Fragment du manuscrit de Journal d'un raté, et du prière d'insérer Pauvert.


    Sur le mur, est épinglée une grande photo en noir et blanc d’Elena nue chevauchant un cheval de bois, devant un quartier de bœuf (exposée à la galerie Chemiakine à Saint-Pétersbourg). Thierry maîtrise déjà bien l’anglais, c’est heureux, le mien est de pacotille. Édouard reste solidement planté au milieu de la pièce dans des bottes noires pointues à talons, tee-shirt noir et pantalon blanc, nous scrutant de ses yeux clairs derrière ses épais verres de myope. Il rigole quand on lui avoue ne pas être vraiment journalistes de radio ou d’ailleurs. On n’en compte pas moins placer un article sur l’écrivain russe qui n’est pas dupe de l’Amérique, à rebours des zélateurs du Monde Libre et autres dissidents de l’époque. On n’oppose pas un monde contre l’autre, on cherche des jonctions. On baigne dans le free jazz, le punk, l’international dada, la Joy Division, la Lola Rastaquouère, le toaster LKJ et son England is a bitch, la boxe d’un Cravan, la poésie ferroviaire d’un Cendrars, le fil du rasoir d’un Chandler, le smoking Dracula, j’en passe. Rassuré par ce préambule, il sort du frigo une bouteille de vodka glacée noircie aux épices, et on se poivre pour ouvrir les cœurs, éclaircir les idées. J’ai emmené un magnéto à cassette, un appareil photo. 
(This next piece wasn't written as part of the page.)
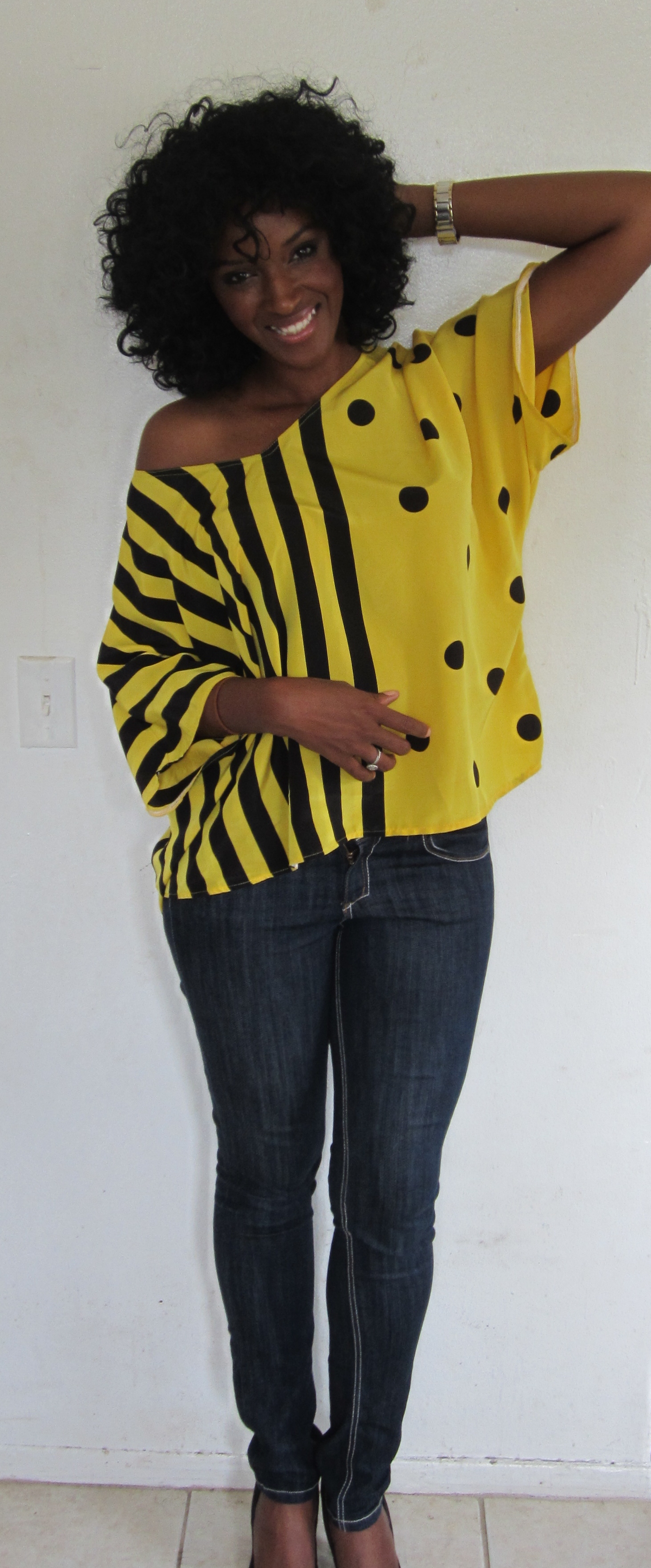 Oversized black stripes and polka dots on yellow ground. Black stripes on one half and black polka dots on opposite side

    À défaut d’employeur, on a le matériel. On veut croire qu’il ressemble au seul dissident punk. Il faut bien un angle. Édouard rigole encore. On sait que les Américains exhibent les dissidents soviets pour flatter leurs valeurs d’humanistes, sans pour autant se refuser l’agent orange et les bombes au napalm. Édouard explique que les Russes en ont profité. Ils ont fabriqué des dissidents sur mesure en monnaie d’échange de leurs espions, comme ils l’ont fait avec Chtcharansky. À croire que les dissidents sont finalement des produits d’exportation soviétiques. 
    Édouard raconte ses dèches, compare les misères des capitales qu’il connaît. Les commissariats, qui ont partout la même couleur. Les zonards de Washington square ressemblent aux éthyliques de Leningrad, les ploucs du Kansas aux moujiks de Kirghizie. Et Moscou ? Il nous détaille qu’il faisait, comme tout le monde, son « truc » pour survivre. Marché noir. Taillant de faux jeans à la mode occidentale, les revendant à la sauvette dans le métro, station Moskovski Vagzal. Ou bien il recopiait à la machine à écrire ses recueils de poésie, chacun à mille exemplaires. Il les vendait, alors que les samizdats sont d’ordinaire gratuits. Il en a marre, et comme il fréquente le milieu de l’intelligentsia moscovite et des Ambassades, il réussit à obtenir un visa pour Israël. Il part. 
     À New York, il trouve tout de suite un travail : rédacteur à la Nouvelle Parole Russe (Новое Русское Слово), le journal des immigrés. Il comprend vite qu’il est du côté des losers. L’un de ses articles, Désillusion lui vaut son renvoi. On ne crache pas dans la soupe. Il vit de cuites et d’amour de passage. 
    « J’aime New York. Elle est plus cruelle, plus criminelle que Paris. L’Europe ne fabrique plus que des normaux des laborieux et des routiniers. Pouah ! 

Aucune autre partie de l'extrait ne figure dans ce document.